Doing vacation wrong? Isn’t vacation kind of like pizza — even when it’s bad, it’s still pretty good? Could there really be a right or wrong way to take a vacation? According to science and the experts, there is a better way to get away. Here’s what you’re doing wrong and how to fix it.
1. You’re not taking enough vacation.
Don’t waste your paid vacay. (Photo: Thinkstock)
According to a recent survey, Americans used only 51 percent of their paid vacation days in 2014. And 56 percent of Americans have not been on a vacation in the past 12 months. Not only is that sad, but it’s actually awful for you — bad things happen when you don’t take vacation. Like really bad: Lack of vacation is associated with increased risk of heart disease for both men and women. It can also cause your relationships to suffer, it can be a factor in depression, and it can hinder your creativity and your ability to perform at your best on the job.
The solution: Take shorter, more frequent vacations. “Holidays work more like sleep. You need regular recovery from work in order to stay healthy in the long run,” according to Jessica de Bloom, an organizational psychologist who studies the effects of vacation. And research shows your well-being gets a boost in as little as two days of vacation. But if you do have the luxury to take longer vacations, eight days may be the magic number. “It could be that eight days is the ideal to fully gain the benefits of a holiday,” said de Bloom.
2. You’re not relaxing enough on the vacations you do take.
One study found that participants who “did nothing” on vacation had longer-lasting feelings of happiness than those who spent their time engaging in physical activity. In fact, it’s a common mistake people make — planning adventure for every moment because they think they should be seeing the sights or trying things. They have FOMO (fear of missing out), says happiness expert Christine Carter, author of The Sweet Spot. “For most people, that’s not relaxing,” she says.
The solution: Pick a place and activities that you actually find relaxing, like lying on the beach and reading a book. Don’t feel compelled to always be doing something, because that’s stressful. And while you’re at it, sleep more. “Sleeping well and for longer periods [is] also associated with higher well-being,” explains positive psychology coach Genevieve Douglass.
3. You’re taking the wrong photos.
This is the wrong way to take a picture of the Crazy Horse Memorial in South Dakota if you’d like to remember it. (Photo: Leah Ginsberg)
This is the right way to snap the same thing if you’d like your own memories of it. (Photo: Leah Ginsberg)
A great thing about vacation is the memories, but taking photos can actually sabotage that. “Something we know about taking pictures,” says Carter, is that “you’re less likely to remember something if you take a picture of it.

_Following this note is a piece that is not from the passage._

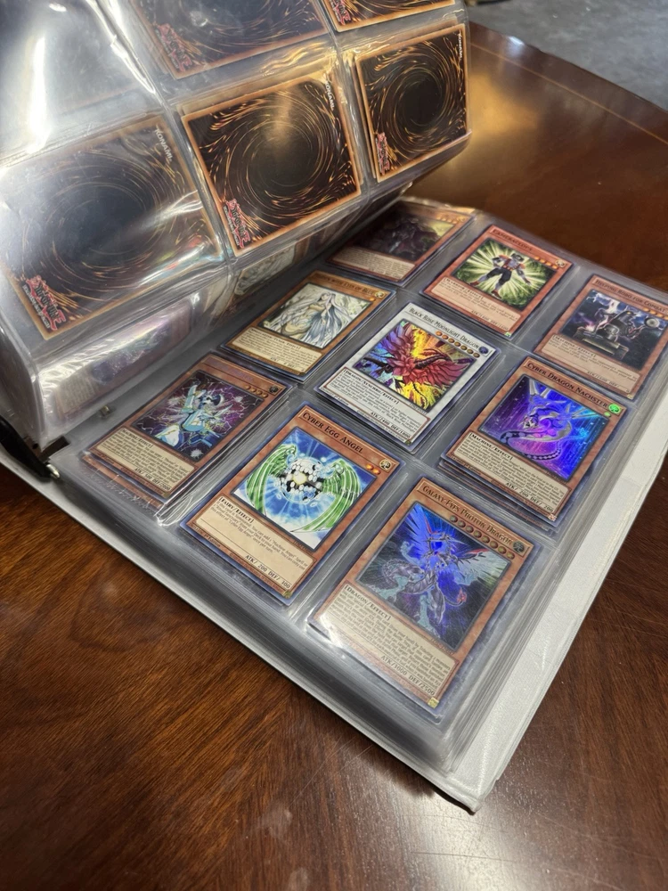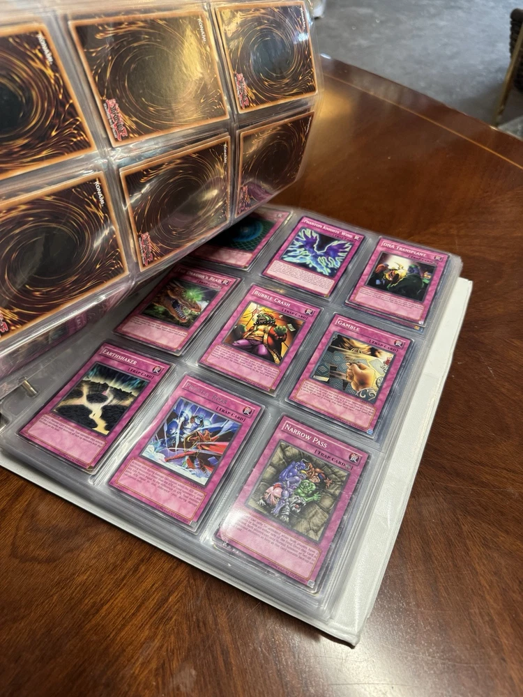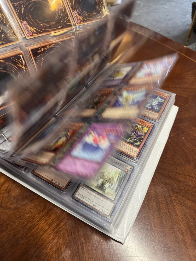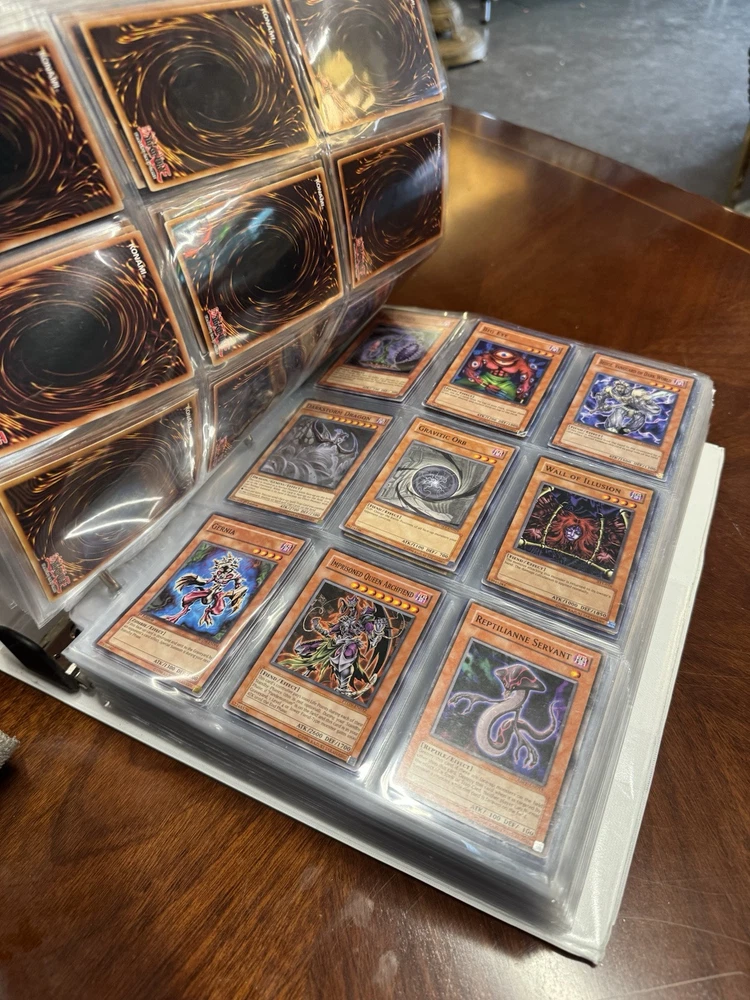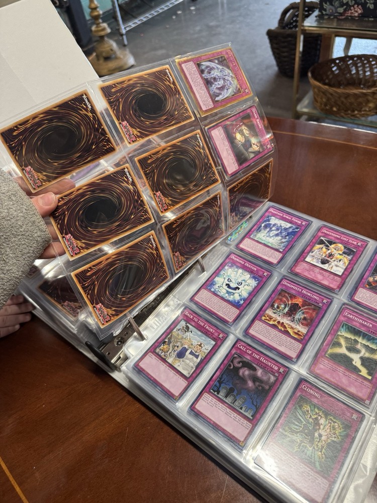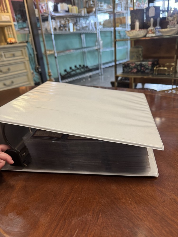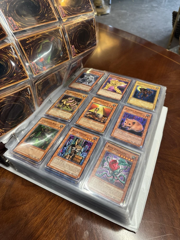 This is AS FOUND! There are at least 945 cards, I counted all the pages but left out the pages that were not 100% filled. Some pages may have 3-6 cards on them but that is very few pages and I did not include those in the total. This is a storage unit find, huge binder. All unsearched, I just don’t have the time. towards the back of the book there are many purple and green/teal cards. The majority are the classic colored cards lol, if you cant tell i have no idea about any of this stuff. MAINLY 1996 from what pages i saw, i did see a couple 2020. I did not look at each page

The mechanism here, we think, is in your brain — it unconsciously makes a note: ‘I’ve outsourced that memory. I don’t need to keep it.’”
The solution: “If you zoom in and take a picture of a small detail, it doesn’t have the same effect. Your mind still has to construct the rest of the scene,” explains Carter. “Plus, you get some really cool pictures that way.” Additionally, “if you spend the whole time behind the camera trying to get the best shot, you’re not experiencing it,” she says. “Since taking photos can be an act of creation that people enjoy, it’s really about finding a balance between taking pictures and allowing your mind to make vivid memories.”
4. You’re going where your kids want to go.
Disneyland isn’t everyone’s idea of a good time. (Photo: Disneyland/Facebook)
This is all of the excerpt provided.